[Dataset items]
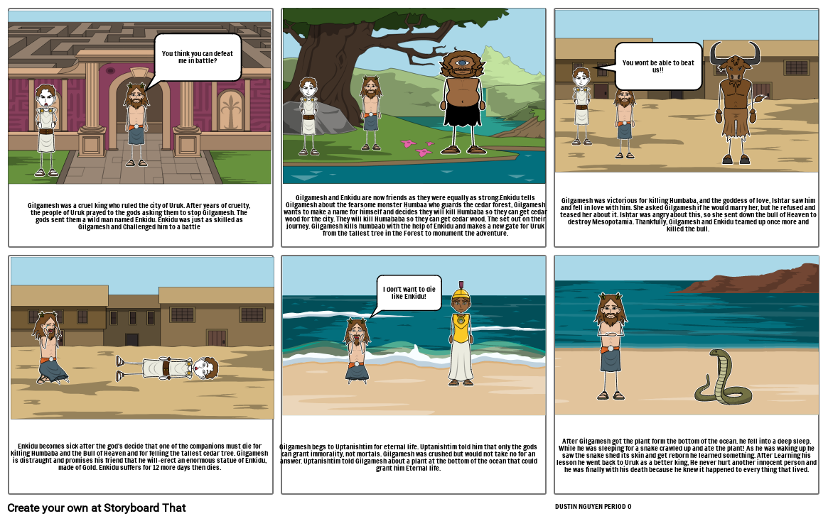 Gilgamesh was a cruel king who ruled the city of Uruk. After years of cruelty, the people of Uruk prayed to the gods asking them to stop Gilgamesh. The gods sent them a wild man named Enkidu. Enkidu was just as skilled as Gilgamesh and Challenged him to a battle
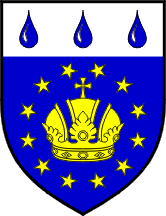 The coat of arms of Tuhelj is "Azure an Imperial crown or between twelve stars in an annulet and in a chief argent three gouttes de larmes".
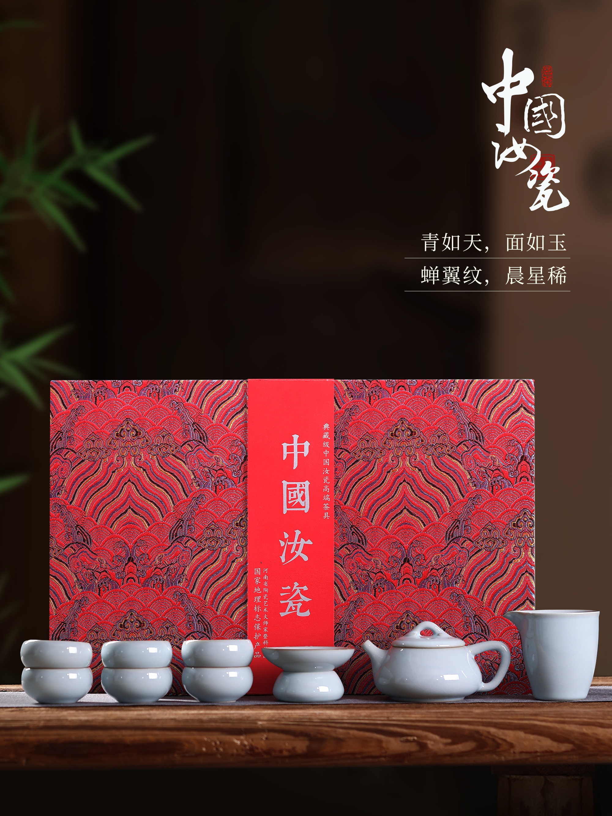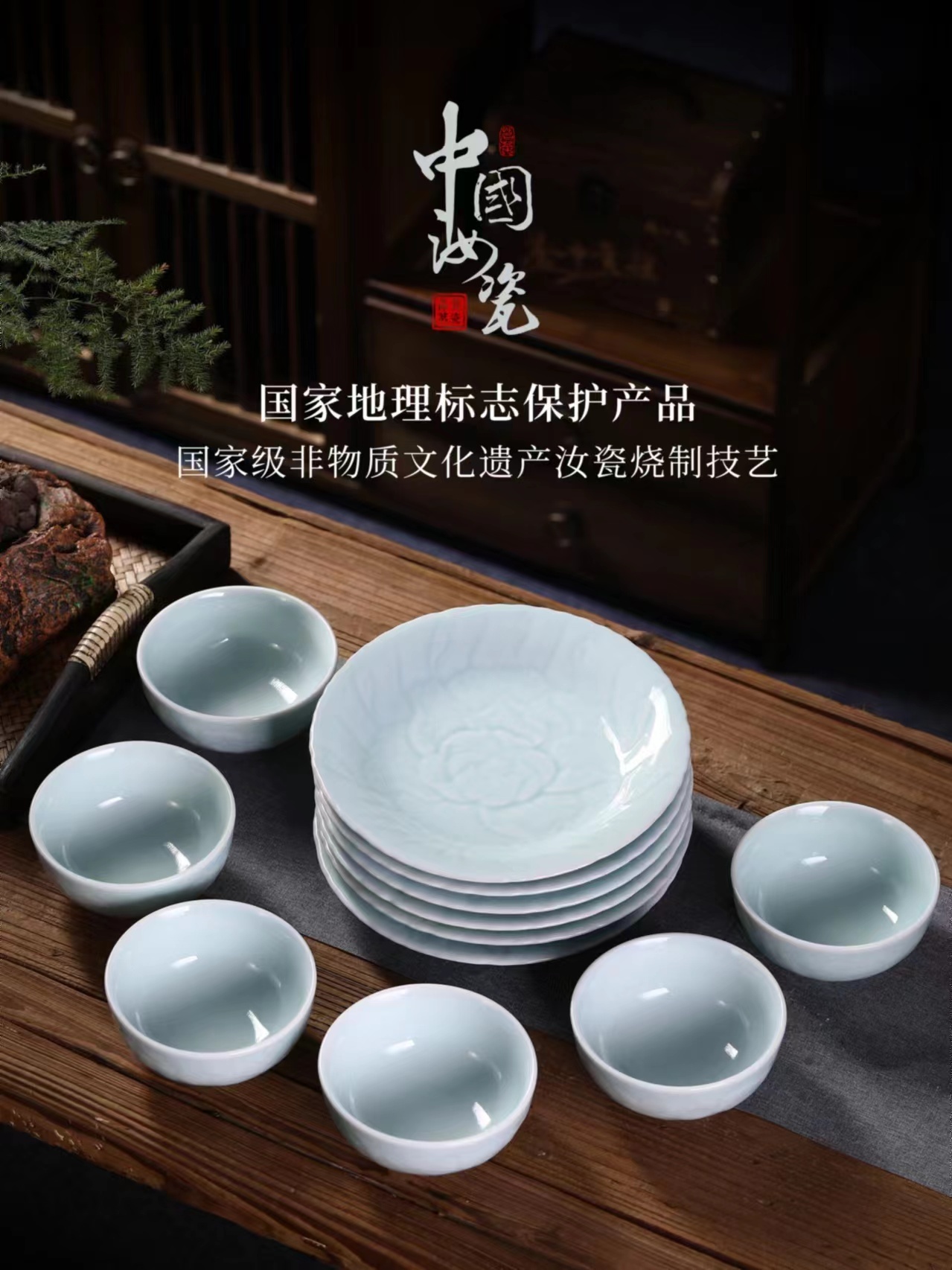 上图为中国汝瓷实用瓷茶具餐具
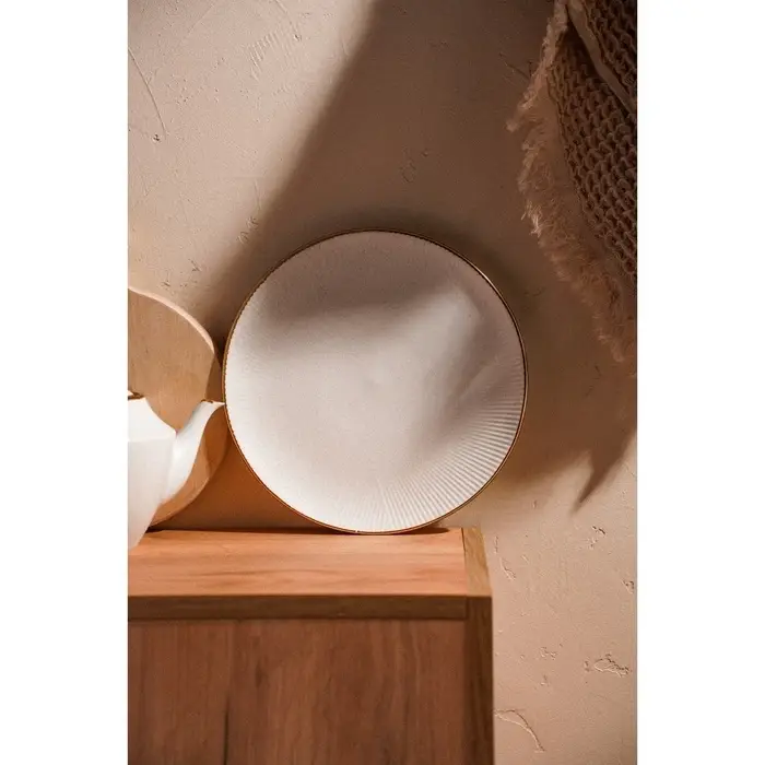 Оцените стиль и изящество, которые приносит на ваш стол тарелка из коллекции «Волна в камне». Этот уникальный предмет посуды диаметром 25,5 см станет ярким акцентом в любом интерьере благодаря своему минималистичному, но запоминающемуся дизайну.
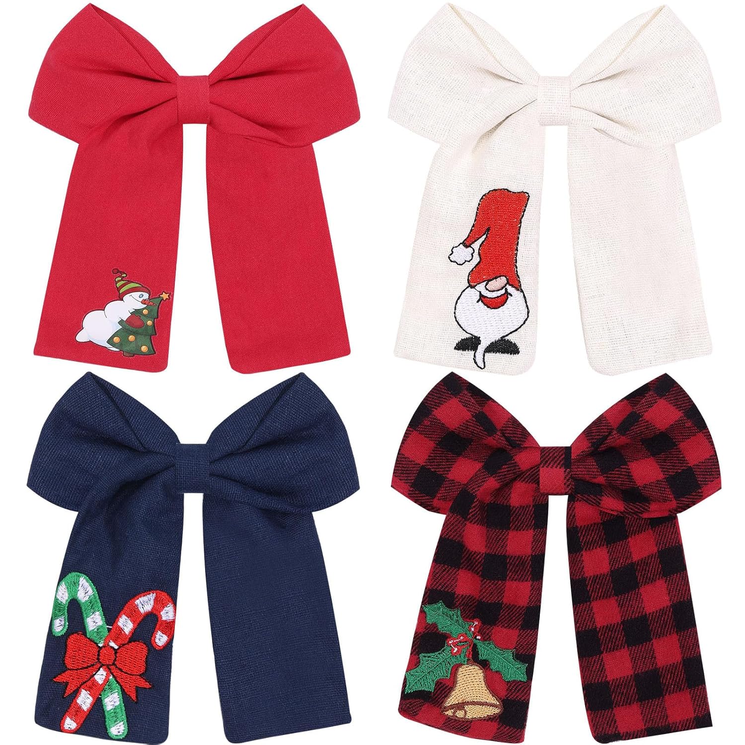 4PCS Christmas Hair Bow for Girls, Bow Clips with Embroidery Pattern Handmade Bowknot Hair Accessory for Toddler Baby Girls Women for Christmas Party
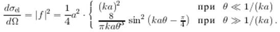 В данном случае отличие от классического результата связано с наличием помимо квазиклассического рассеяния, обусловленного углами θ >> 1/ka, дифракционного рассеяния на малые углы ![]()
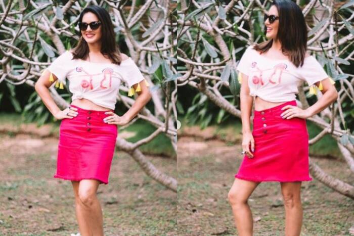 Actor and Splitsvilla host Sunny Leone lightened up Saturday afternoon with her mesmerising pictures from the sets of the reality show. She opted for a quirky outfit and you can easily pull it up for your weekend outing. The actor opted for a white top designed by Niharika Pandey which featured a hand-embroidered slogan that reads ‘Beti’ in Hindi. The top also has yellow tassels attached to its sleeves. She paired up her crop top with a neon-pink denim skirt from the brand Freakins.

** Assignment **
Give the entries above again word for word, without any pictures.

** Response to the task **
 Gilgamesh was a cruel king who ruled the city of Uruk. After years of cruelty, the people of Uruk prayed to the gods asking them to stop Gilgamesh. The gods sent them a wild man named Enkidu. Enkidu was just as skilled as Gilgamesh and Challenged him to a battle
 The coat of arms of Tuhelj is "Azure an Imperial crown or between twelve stars in an annulet and in a chief argent three gouttes de larmes".
 上图为中国汝瓷实用瓷茶具餐具
 Оцените стиль и изящество, которые приносит на ваш стол тарелка из коллекции «Волна в камне». Этот уникальный предмет посуды диаметром 25,5 см станет ярким акцентом в любом интерьере благодаря своему минималистичному, но запоминающемуся дизайну.
 4PCS Christmas Hair Bow for Girls, Bow Clips with Embroidery Pattern Handmade Bowknot Hair Accessory for Toddler Baby Girls Women for Christmas Party
 В данном случае отличие от классического результата связано с наличием помимо квазиклассического рассеяния, обусловленного углами θ >> 1/ka, дифракционного рассеяния на малые углы ![]()
 Actor and Splitsvilla host Sunny Leone lightened up Saturday afternoon with her mesmerising pictures from the sets of the reality show. She opted for a quirky outfit and you can easily pull it up for your weekend outing. The actor opted for a white top designed by Niharika Pandey which featured a hand-embroidered slogan that reads ‘Beti’ in Hindi. The top also has yellow tassels attached to its sleeves. She paired up her crop top with a neon-pink denim skirt from the brand Freakins.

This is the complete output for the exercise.